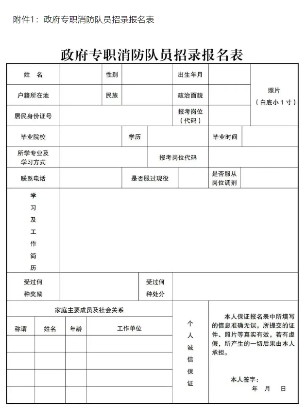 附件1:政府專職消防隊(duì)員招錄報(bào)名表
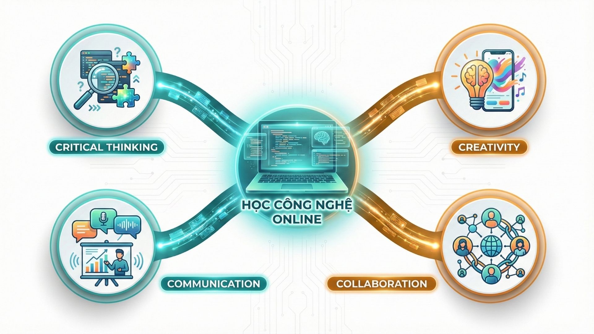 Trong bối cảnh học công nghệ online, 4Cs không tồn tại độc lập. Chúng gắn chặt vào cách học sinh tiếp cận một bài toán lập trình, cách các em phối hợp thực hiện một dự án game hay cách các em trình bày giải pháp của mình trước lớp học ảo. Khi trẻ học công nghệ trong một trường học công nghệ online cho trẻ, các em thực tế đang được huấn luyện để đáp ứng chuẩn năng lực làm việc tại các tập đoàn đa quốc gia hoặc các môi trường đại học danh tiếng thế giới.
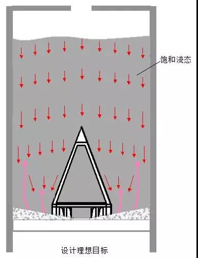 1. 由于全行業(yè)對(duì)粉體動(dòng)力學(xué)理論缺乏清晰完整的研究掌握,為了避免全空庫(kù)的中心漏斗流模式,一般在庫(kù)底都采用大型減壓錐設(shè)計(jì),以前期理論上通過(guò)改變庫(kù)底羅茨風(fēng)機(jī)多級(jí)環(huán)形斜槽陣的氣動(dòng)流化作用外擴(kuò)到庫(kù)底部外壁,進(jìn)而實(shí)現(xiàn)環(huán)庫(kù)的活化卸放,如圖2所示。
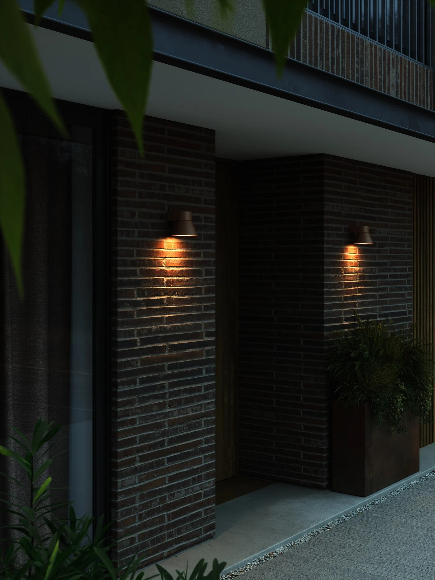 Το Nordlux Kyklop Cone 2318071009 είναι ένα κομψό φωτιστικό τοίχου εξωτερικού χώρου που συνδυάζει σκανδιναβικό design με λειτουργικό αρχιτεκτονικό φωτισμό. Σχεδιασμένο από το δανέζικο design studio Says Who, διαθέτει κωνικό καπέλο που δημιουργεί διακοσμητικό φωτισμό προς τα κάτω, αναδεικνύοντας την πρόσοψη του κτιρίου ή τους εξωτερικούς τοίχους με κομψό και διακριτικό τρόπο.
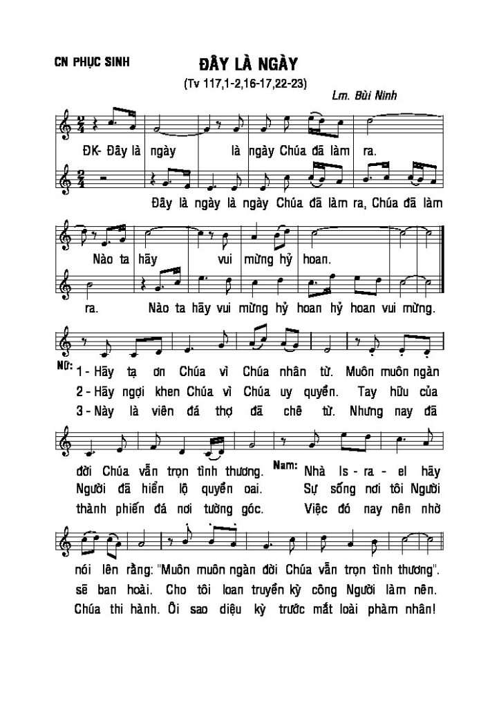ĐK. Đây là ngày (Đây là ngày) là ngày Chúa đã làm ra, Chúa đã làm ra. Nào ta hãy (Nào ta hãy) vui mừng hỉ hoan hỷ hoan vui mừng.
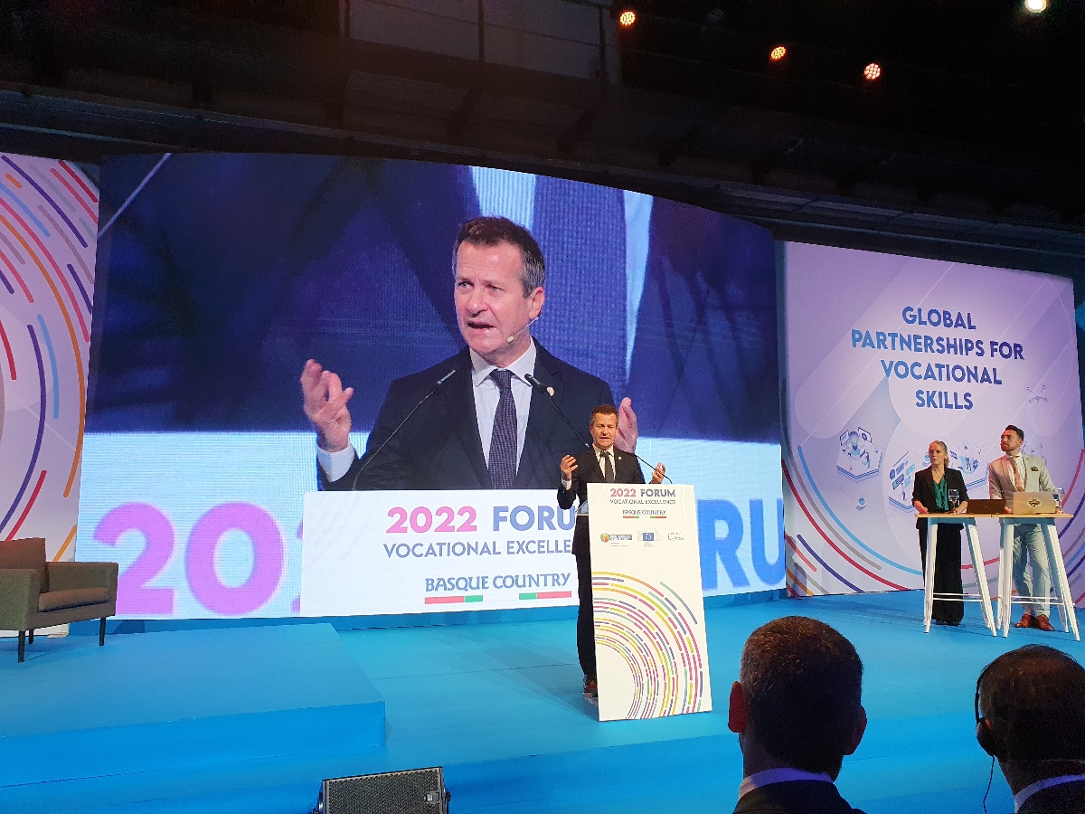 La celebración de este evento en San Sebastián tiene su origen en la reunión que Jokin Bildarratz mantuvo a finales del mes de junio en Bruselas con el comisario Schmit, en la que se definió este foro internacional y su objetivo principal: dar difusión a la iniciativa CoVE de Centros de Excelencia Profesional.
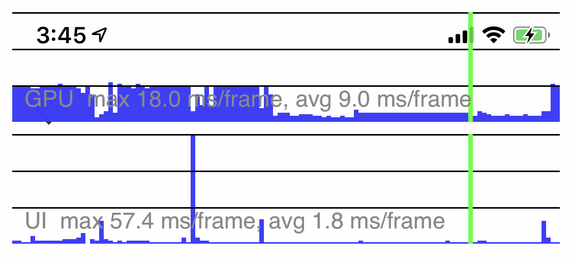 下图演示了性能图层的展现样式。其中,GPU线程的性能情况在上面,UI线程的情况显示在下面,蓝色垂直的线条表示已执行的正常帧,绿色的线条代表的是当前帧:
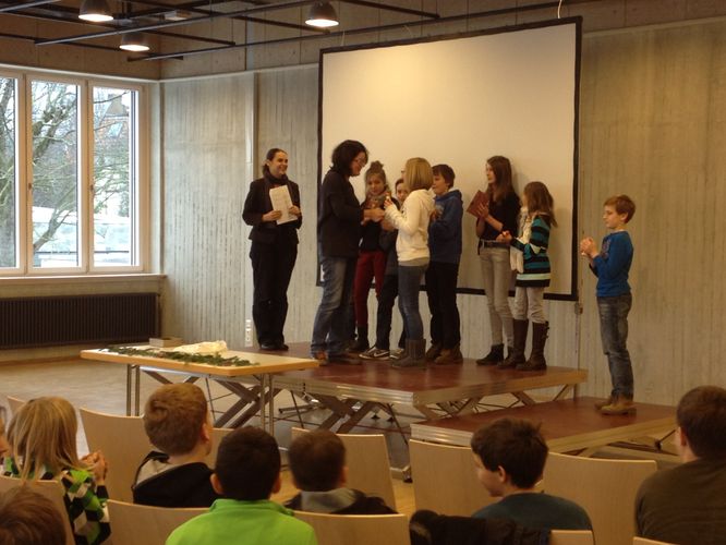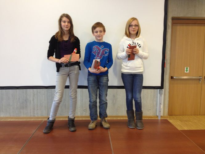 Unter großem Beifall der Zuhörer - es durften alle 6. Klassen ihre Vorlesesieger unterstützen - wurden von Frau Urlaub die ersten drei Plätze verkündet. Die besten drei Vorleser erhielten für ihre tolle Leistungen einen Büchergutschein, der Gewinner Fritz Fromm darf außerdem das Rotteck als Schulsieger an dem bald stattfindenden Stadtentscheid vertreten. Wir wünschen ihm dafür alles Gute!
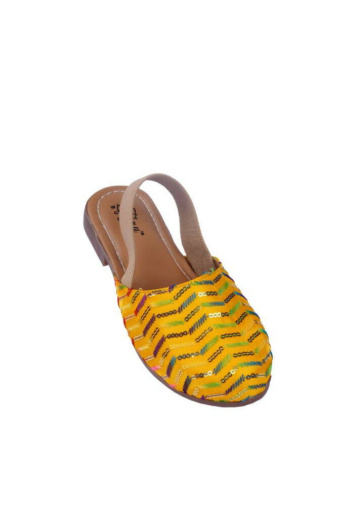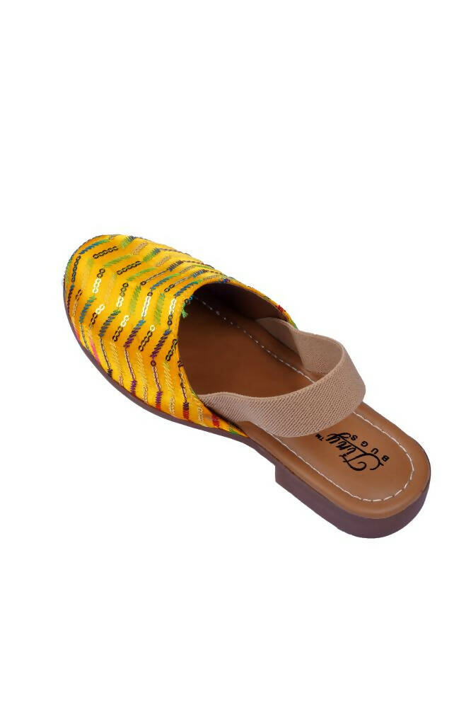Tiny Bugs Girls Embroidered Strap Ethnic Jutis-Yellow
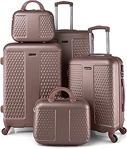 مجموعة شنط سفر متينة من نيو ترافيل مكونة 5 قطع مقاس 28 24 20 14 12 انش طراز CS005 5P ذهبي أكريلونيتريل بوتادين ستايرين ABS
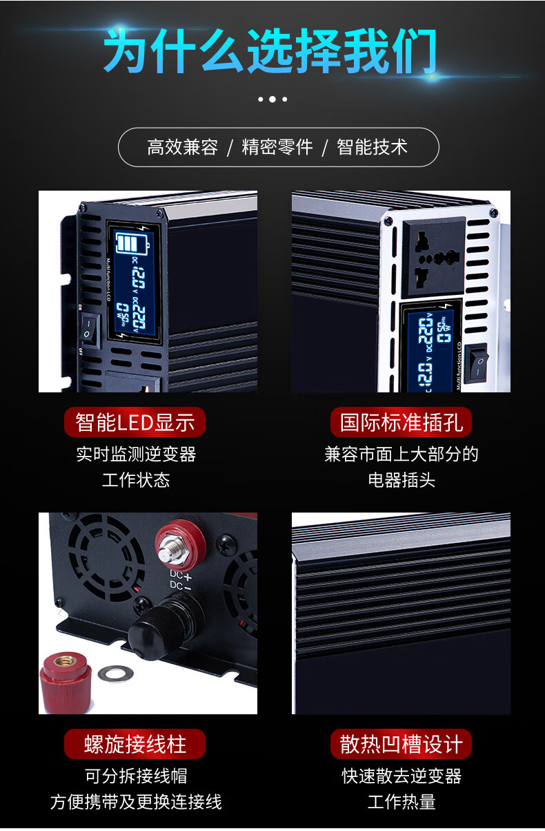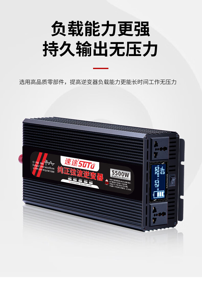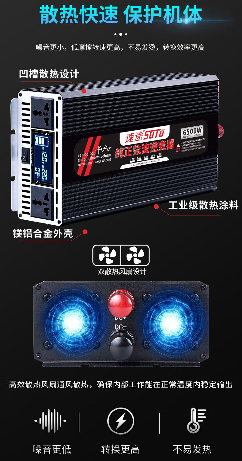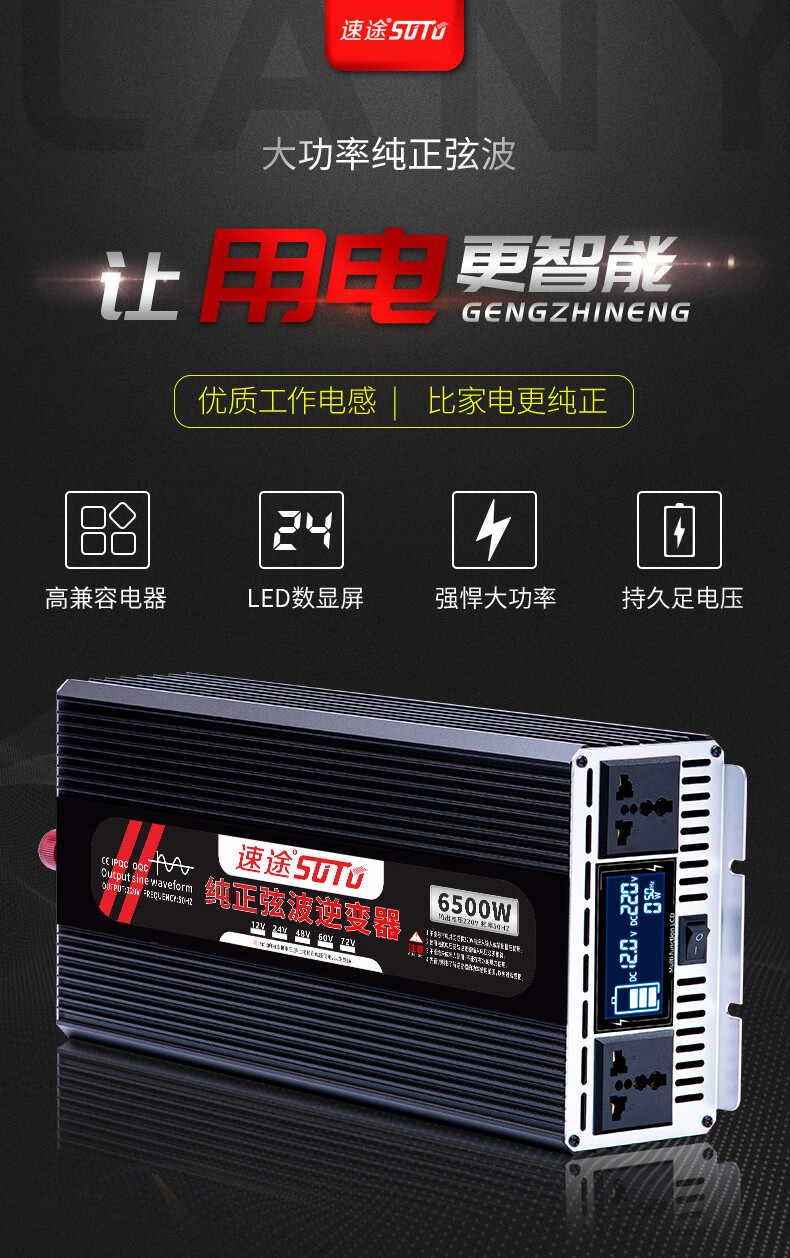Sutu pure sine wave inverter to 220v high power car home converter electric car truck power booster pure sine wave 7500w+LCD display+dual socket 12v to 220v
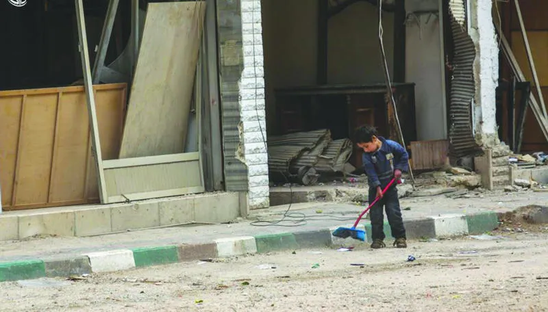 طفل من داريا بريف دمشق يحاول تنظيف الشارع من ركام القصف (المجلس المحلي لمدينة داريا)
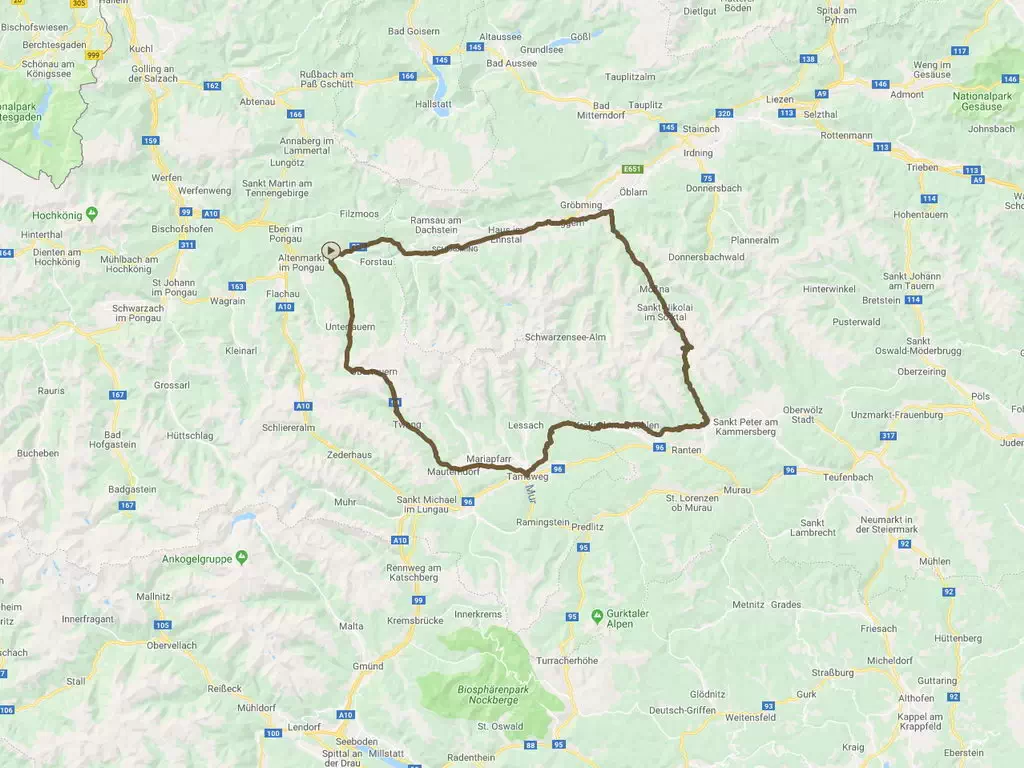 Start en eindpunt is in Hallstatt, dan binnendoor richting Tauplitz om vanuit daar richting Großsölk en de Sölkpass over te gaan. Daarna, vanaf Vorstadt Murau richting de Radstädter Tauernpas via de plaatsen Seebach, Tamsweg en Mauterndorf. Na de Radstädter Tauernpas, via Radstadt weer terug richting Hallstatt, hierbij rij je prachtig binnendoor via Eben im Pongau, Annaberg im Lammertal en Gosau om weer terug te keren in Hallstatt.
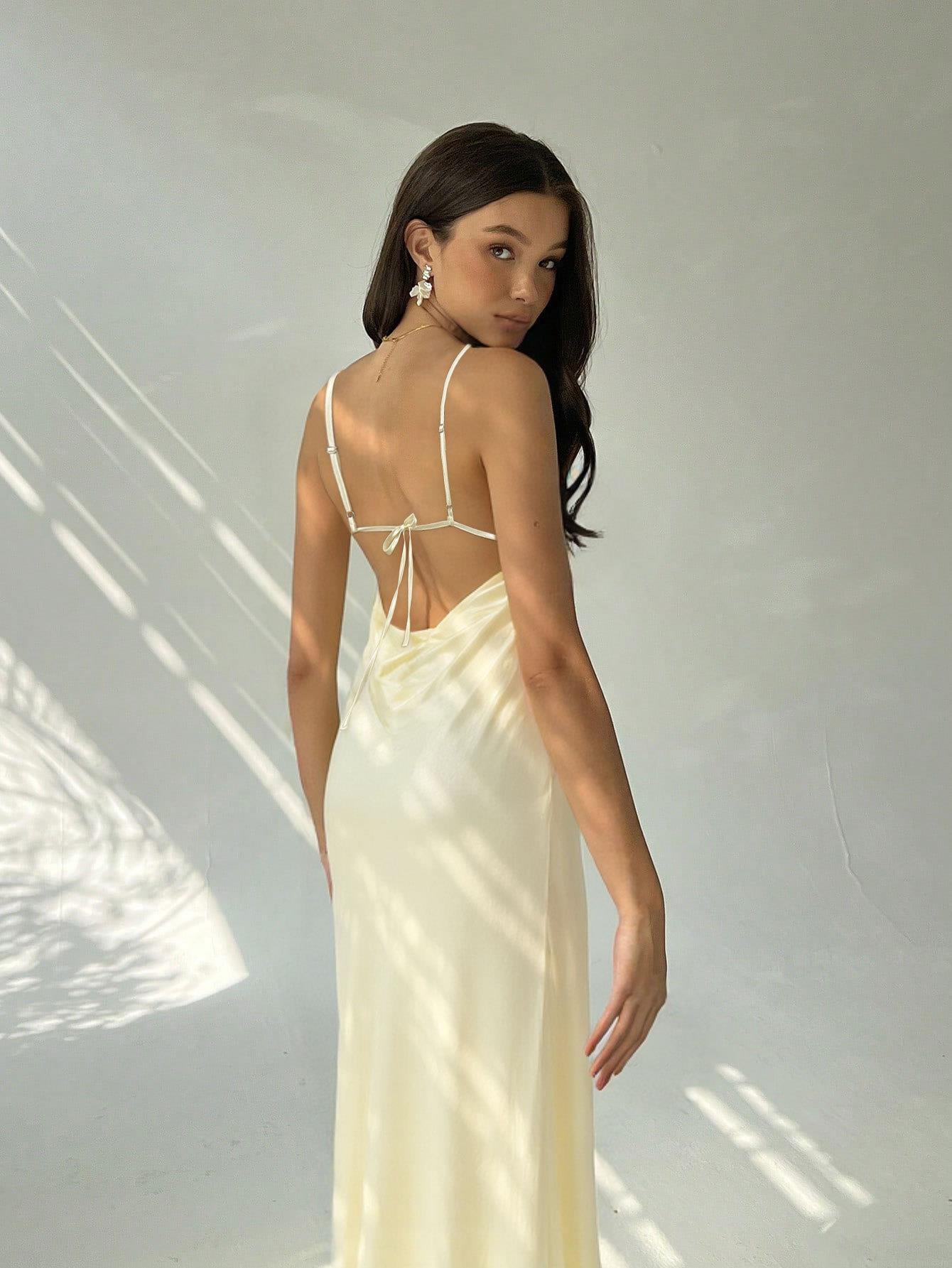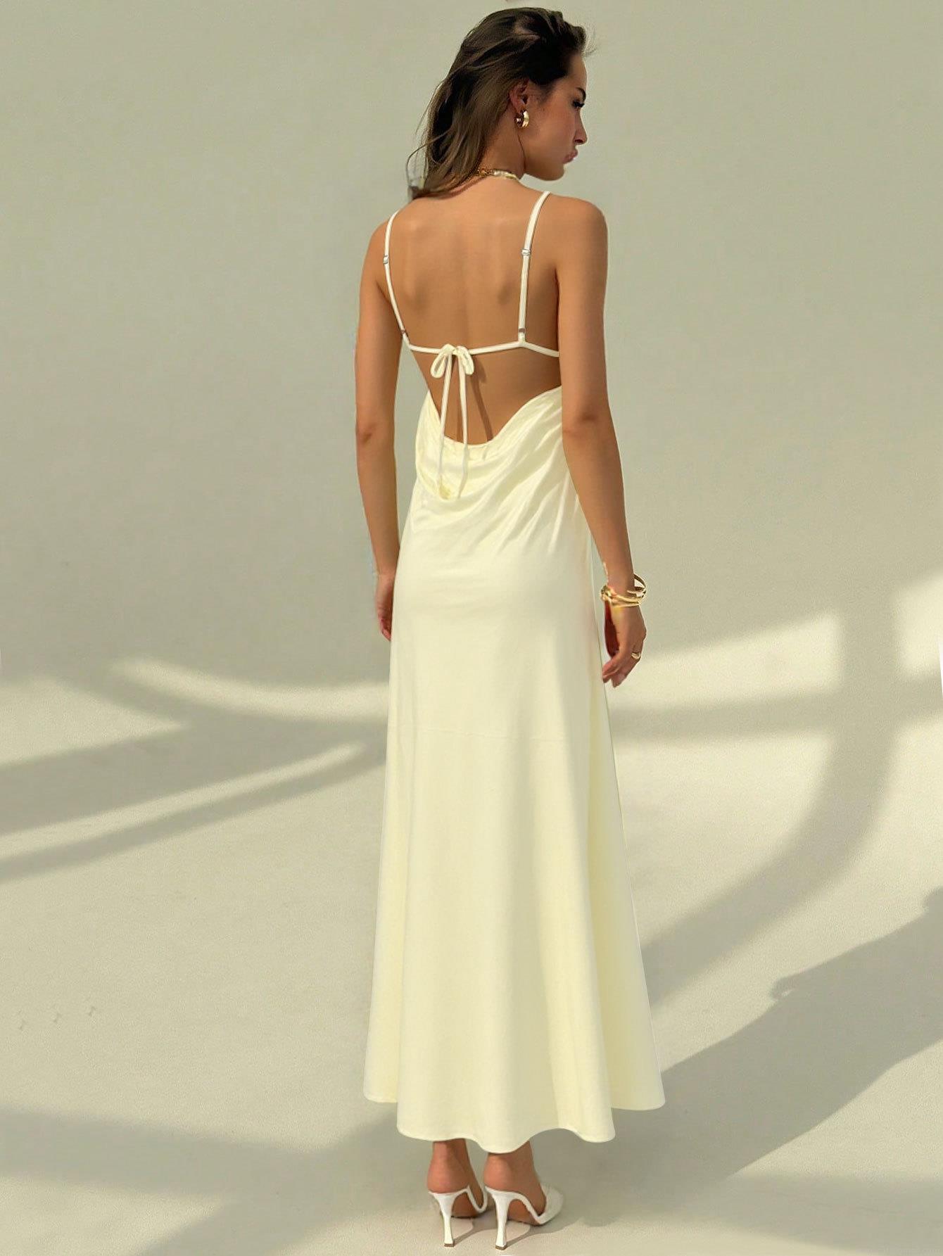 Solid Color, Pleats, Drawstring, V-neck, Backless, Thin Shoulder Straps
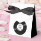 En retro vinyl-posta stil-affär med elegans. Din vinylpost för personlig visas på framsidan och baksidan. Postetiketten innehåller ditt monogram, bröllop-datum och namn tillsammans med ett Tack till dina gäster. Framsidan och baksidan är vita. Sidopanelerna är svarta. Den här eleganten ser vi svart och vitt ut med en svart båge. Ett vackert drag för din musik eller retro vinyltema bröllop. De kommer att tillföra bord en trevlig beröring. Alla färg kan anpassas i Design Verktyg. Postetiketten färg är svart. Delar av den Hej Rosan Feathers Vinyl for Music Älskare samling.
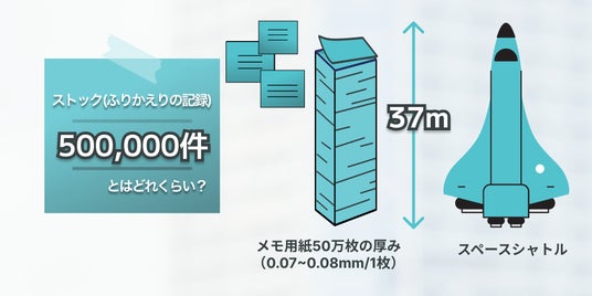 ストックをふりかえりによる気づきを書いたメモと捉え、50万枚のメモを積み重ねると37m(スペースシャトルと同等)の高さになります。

====================

**Work task:** Copy out exactly, with no pictures, the lines of the data from the first one through the line bearing "下图演示了性能图层的展现样式".

**Completed task:**
 附件1:政府專職消防隊(duì)員招錄報(bào)名表
 Trong bối cảnh học công nghệ online, 4Cs không tồn tại độc lập. Chúng gắn chặt vào cách học sinh tiếp cận một bài toán lập trình, cách các em phối hợp thực hiện một dự án game hay cách các em trình bày giải pháp của mình trước lớp học ảo. Khi trẻ học công nghệ trong một trường học công nghệ online cho trẻ, các em thực tế đang được huấn luyện để đáp ứng chuẩn năng lực làm việc tại các tập đoàn đa quốc gia hoặc các môi trường đại học danh tiếng thế giới.
 1. 由于全行業(yè)對(duì)粉體動(dòng)力學(xué)理論缺乏清晰完整的研究掌握,為了避免全空庫(kù)的中心漏斗流模式,一般在庫(kù)底都采用大型減壓錐設(shè)計(jì),以前期理論上通過(guò)改變庫(kù)底羅茨風(fēng)機(jī)多級(jí)環(huán)形斜槽陣的氣動(dòng)流化作用外擴(kuò)到庫(kù)底部外壁,進(jìn)而實(shí)現(xiàn)環(huán)庫(kù)的活化卸放,如圖2所示。
 Το Nordlux Kyklop Cone 2318071009 είναι ένα κομψό φωτιστικό τοίχου εξωτερικού χώρου που συνδυάζει σκανδιναβικό design με λειτουργικό αρχιτεκτονικό φωτισμό. Σχεδιασμένο από το δανέζικο design studio Says Who, διαθέτει κωνικό καπέλο που δημιουργεί διακοσμητικό φωτισμό προς τα κάτω, αναδεικνύοντας την πρόσοψη του κτιρίου ή τους εξωτερικούς τοίχους με κομψό και διακριτικό τρόπο.
ĐK. Đây là ngày (Đây là ngày) là ngày Chúa đã làm ra, Chúa đã làm ra. Nào ta hãy (Nào ta hãy) vui mừng hỉ hoan hỷ hoan vui mừng.
 La celebración de este evento en San Sebastián tiene su origen en la reunión que Jokin Bildarratz mantuvo a finales del mes de junio en Bruselas con el comisario Schmit, en la que se definió este foro internacional y su objetivo principal: dar difusión a la iniciativa CoVE de Centros de Excelencia Profesional.
 下图演示了性能图层的展现样式。其中,GPU线程的性能情况在上面,UI线程的情况显示在下面,蓝色垂直的线条表示已执行的正常帧,绿色的线条代表的是当前帧:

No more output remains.